I wrote a little bit here about my experiences with this sort of thing. There's not much you can do when this starts happening at a company. You can try to wait it out and hope that your PHB will leave or get fired, you can argue your case with a higher power (which will mark you as a troublemaker in the eyes of your PHB), you can go with it, or you can leave. If you don't feel that the decision is likely to get changed, my advice would be to try it out (i.e. give their decision a chance and see if it does make anything better) and then leave if you aren't having fun.

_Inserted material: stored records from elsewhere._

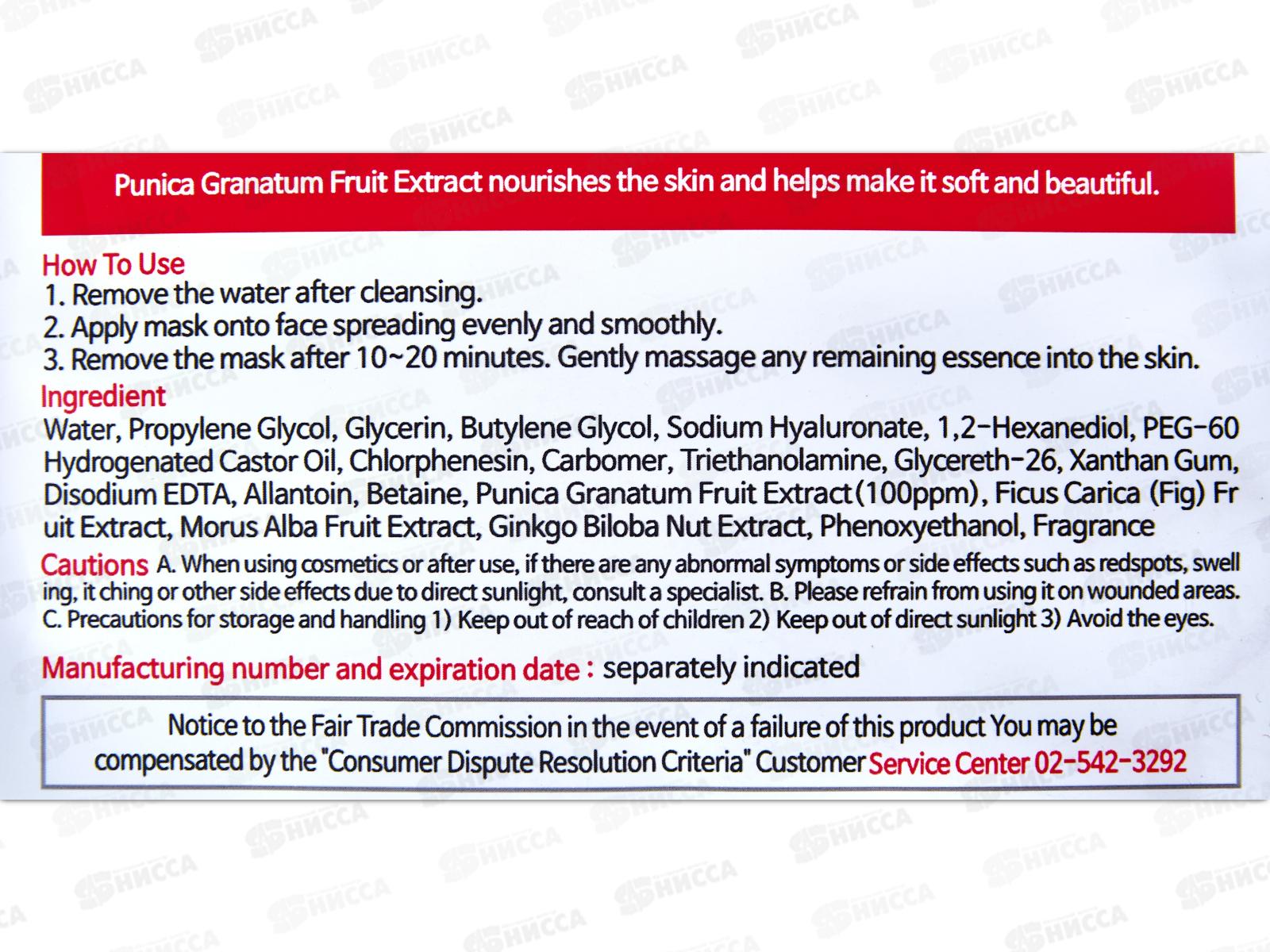 Состав: вода, Пропиленгликоль, Глицерин, Бутиленгликоль, Гиалуронат натрия, 1,2-гександиол, ПЭГ-60 гидрогенизированное касторовое масло, Хлорфенезин, Карбомер, Триэтаноламин, Глицерет-26, Ксантановая камедь, Динатриевая ЭДТА, Аллантоин, Бетаин, Экстракт плодов граната (100 частей на миллион), Экстракт плодов инжира (Ficus Carica), Экстракт плодов шелковицы белой, Экстракт орехов гинкго билоба, Феноксиэтанол, отдушка.
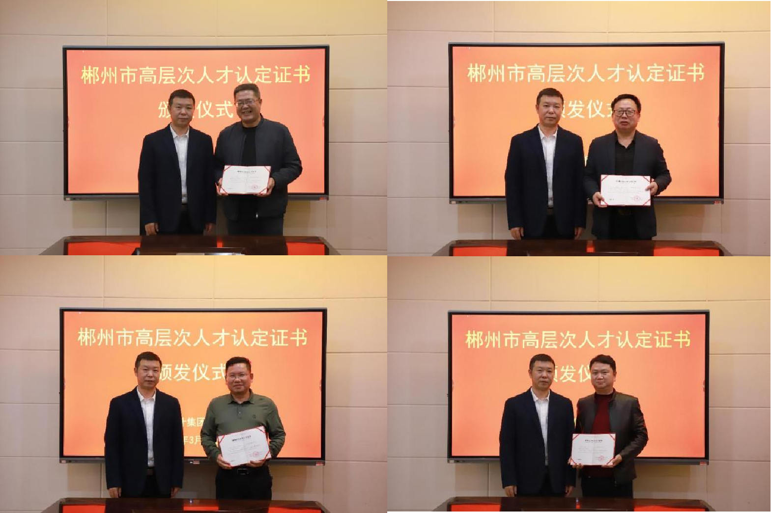 3月25日,郴州市国资委党委书记、主任侯志武前往市设计集团为4名专家颁发郴州市高级人才证书。
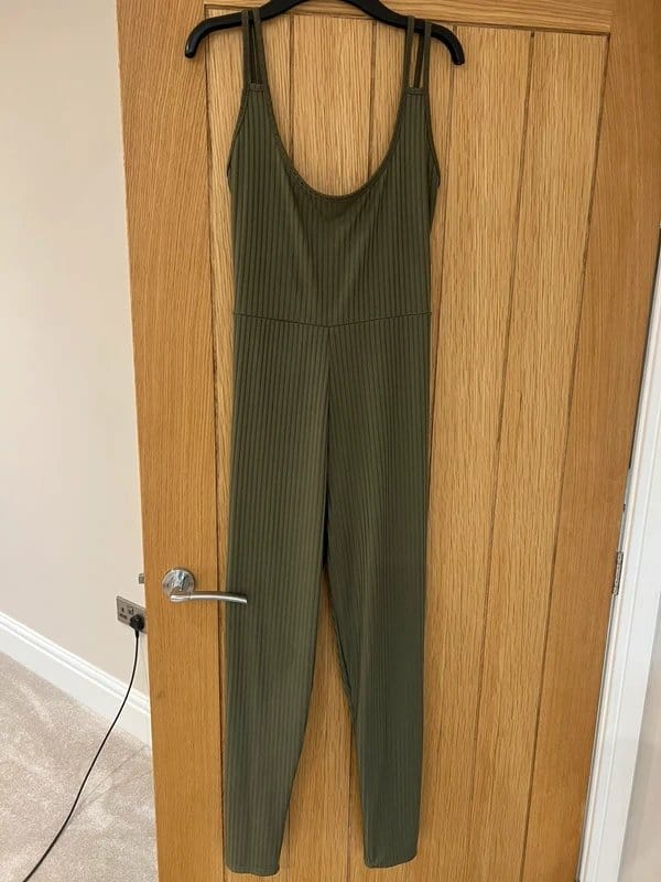 The PLT Khaki Ribbed Jumpsuit is ideal for casual, everyday, date-night.
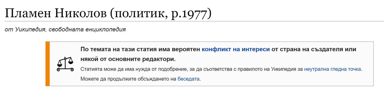 В свободната енциклопедия Wikipedia страницата за „Пламен Николов (политик, р. 1977)“ е чисто нова. Създадена броени дни преди името му да бъде обявено като евентуален премиер – на 26 юли 2021 г. от анонимен потребител.
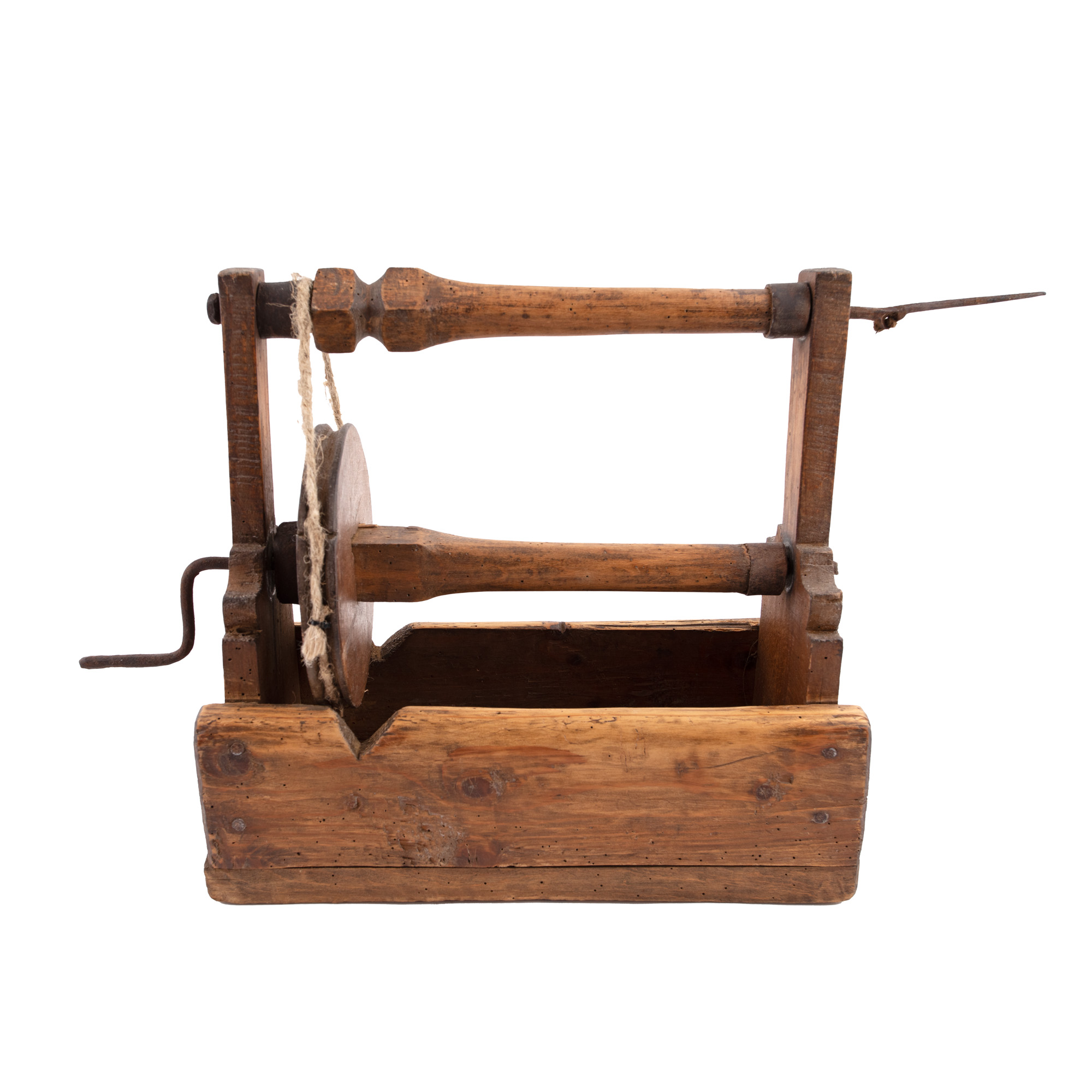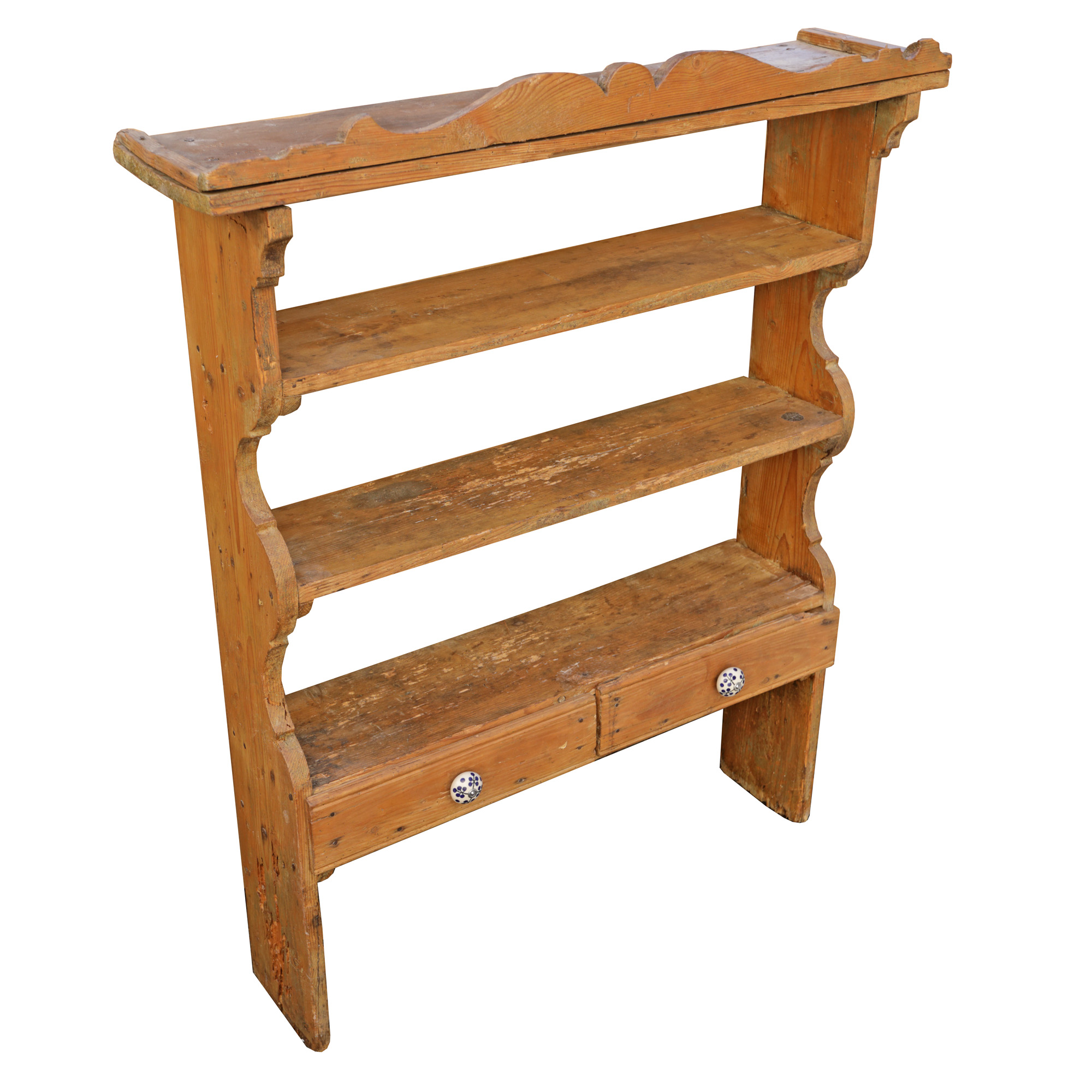 13. Blidar țărănesc din lemn de brad, cu mânere din porțelan, prima jumătate a sec. XX

The strongest argument that manager types understand about this sort of thing is that it will cost a lot more to use Java. Potentially millions more when you account for commercial app servers, IDEs, extra hardware (commercial app servers tend to be very slow), and much longer development times. Open source Java tools can be an enjoyable experience, but the expensive commercial ones tend to be painful and slow. If you want to fight it, that's probably your best area of argument.


Comment on Re: Perl falls victim to shifting trends
Re: Perl falls victim to shifting trends
by Abigail-II (Bishop) on Aug 19, 2002 at 16:17 UTC
    The strongest argument that manager types understand about this sort of thing is that it will cost a lot more to use Java.
    That is a strong argument, but not at all easy to prove. Just coding the thing in Java might be more enjoyable than the research and the meetings you have to do to prove that it's more expensive in Java. If you even can prove it.